== TASK GOAL ==
Return the lines below that carry the word "into".

== MATERIAL SUPPLIED ==
--*--
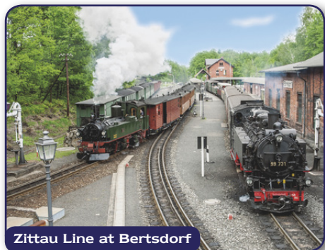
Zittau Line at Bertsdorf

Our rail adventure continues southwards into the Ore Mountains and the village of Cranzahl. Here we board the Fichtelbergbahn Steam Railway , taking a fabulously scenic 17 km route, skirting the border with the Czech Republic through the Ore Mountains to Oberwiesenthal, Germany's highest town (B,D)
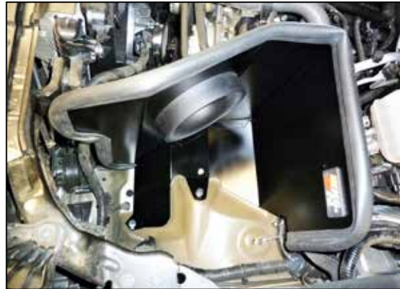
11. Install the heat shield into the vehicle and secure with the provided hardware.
--*--
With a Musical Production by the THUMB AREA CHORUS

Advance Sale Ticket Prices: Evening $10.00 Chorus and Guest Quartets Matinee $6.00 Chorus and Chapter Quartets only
--*--
== FINISHED TASK ==
Our rail adventure continues southwards into the Ore Mountains and the village of Cranzahl. Here we board the Fichtelbergbahn Steam Railway , taking a fabulously scenic 17 km route, skirting the border with the Czech Republic through the Ore Mountains to Oberwiesenthal, Germany's highest town (B,D)
11. Install the heat shield into the vehicle and secure with the provided hardware.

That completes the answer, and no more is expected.